Ted Vizard

Personal information
- Full name: Edward Vizard
- Date of birth: 7 June 1889
- Place of birth: Cogan, Penarth, Wales
- Date of death: 25 December 1973 (aged 84)
- Place of death: Wolverhampton, England
- Height: 5 ft 9+1⁄4 in (1.76 m)
- Position: Outside left

Senior career*
- Years: Team / Apps / (Gls)
- 1909–10: Barry District / 24 / (6)
- 1910–1931: Bolton Wanderers / 467 / (64)
- Total:  / 491 / (70)

International career
- 1911–1926: Wales / 22 / (1)

Managerial career
- 1933–1939: Swindon Town
- 1939–1944: Queens Park Rangers
- 1944–1948: Wolverhampton Wanderers

= Ted Vizard =

Welsh footballer and manager (1889–1973)

Edward Vizard (7 June 1889
– 25 December 1973) was a Welsh international footballer who became a manager. He spent almost all his playing career at Bolton Wanderers.

==Playing career==
Born in Charlotte Street in Cogan, Wales, to parents from originally from Wiltshire in England, Vizard joined Bolton Wanderers in September 1910 from Barry, making his debut later that year. From here, he never looked back making the outside left position his own for the next 18 seasons. In total, he made 512 appearances for the Trotters scoring 70 goals.

During his time at Bolton, he appeared in the 1923 and 1926 FA Cup Finals, winning both. He remained in the team until retiring in 1931 aged 41, becoming the oldest player to play for the club (a record only broken in 1995 by Peter Shilton).

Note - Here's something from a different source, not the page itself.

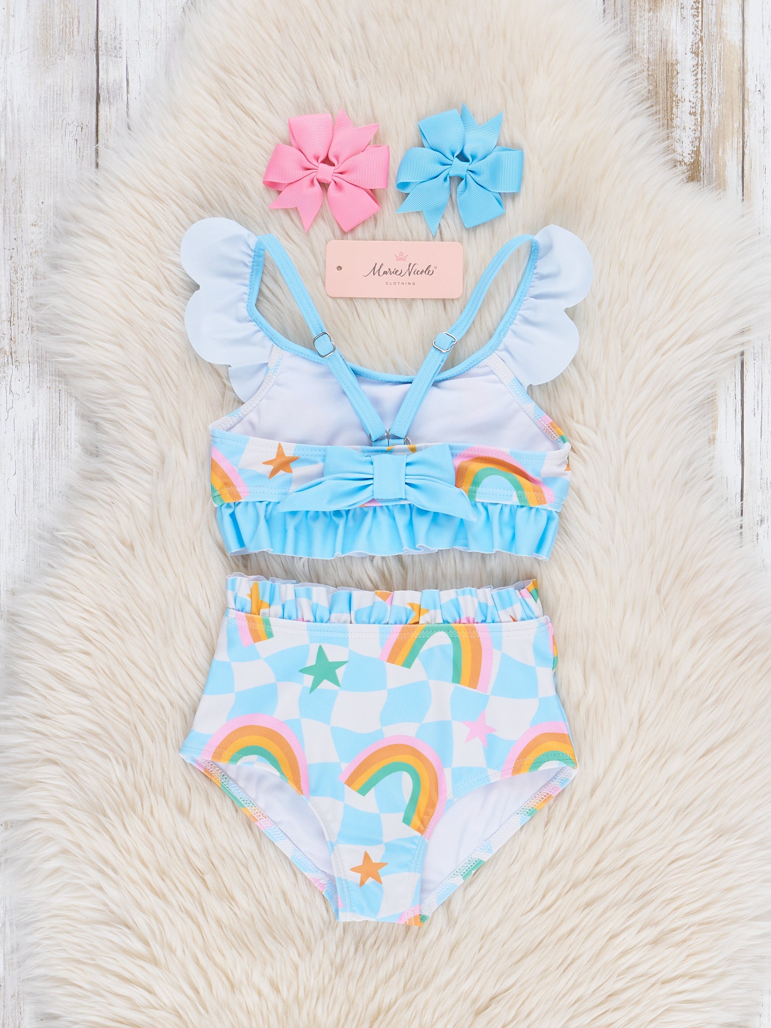The Checkered Rainbows Halter Swimsuit from Marie Nicole Clothing combines retro checkered charm with vibrant, bold rainbows in fun design. Its adjustable straps and fun scalloped trim offer both style and comfort, making it perfect for the beach or pool.

Vizard also won 22 international caps for Wales, scoring one goal, the winner in a 2-1 win against England in 1924 when he pounced on a rebound after England goalkeeper Ronnie Sewell saved a Jack Nicholls shot. Vizard also captained his country - against England in 1914 at Ninian Park and against Scotland in 1921 at Pittodrie.

==Managerial career==

===Swindon Town===
In April 1933 Vizard gave up his position as coach of the 'A' team with Bolton Wanderers in order to become the manager of Swindon Town, a position he held until 1939.

===QPR===
After the 1938–39 season, Vizard left the club to take the reins at Queens Park Rangers, succeeding Billy Birrell. Due to the outbreak of World War II causing the suspension of league football, he never had the chance to manage them in a competitive game. Despite this they were relatively successful in wartime football and in 1944 he replaced Major Frank Buckley as manager of Wolverhampton Wanderers.

===Wolves===
He was appointed Wolves manager in April 1944, and despite taking them to third place in the First Division in the first peacetime season in 1946/47, he was replaced by Stan Cullis in the summer of 1948.

==National service==
In the summer of 1915, the FA banned the payment of professional players due to World War One, leaving players with the choice of joining the army or finding new civilian jobs. Ted found work in the munitions industry and enlisted but did not get formally called up until early 1916, along with his partner on the Bolton wing, England international Joe Smith.

==Personal life==
Whilst on leave from the Army, Ted married Annie Clara Singleton, better known as Clarice, on New Year's Day 1918. Afterwards, Ted played for Bolton against Bury FC and was appointed captain for the day in honour of his marriage.

Clarice worked as a telephonist in an exchange and had a keen interest in football herself before he met Ted and she later coached a Bolton ladies team which was sometimes called Mrs Vizard‘s XI. Clarice was in charge when Dick Kerr's Ladies were beaten for the first time in 1918.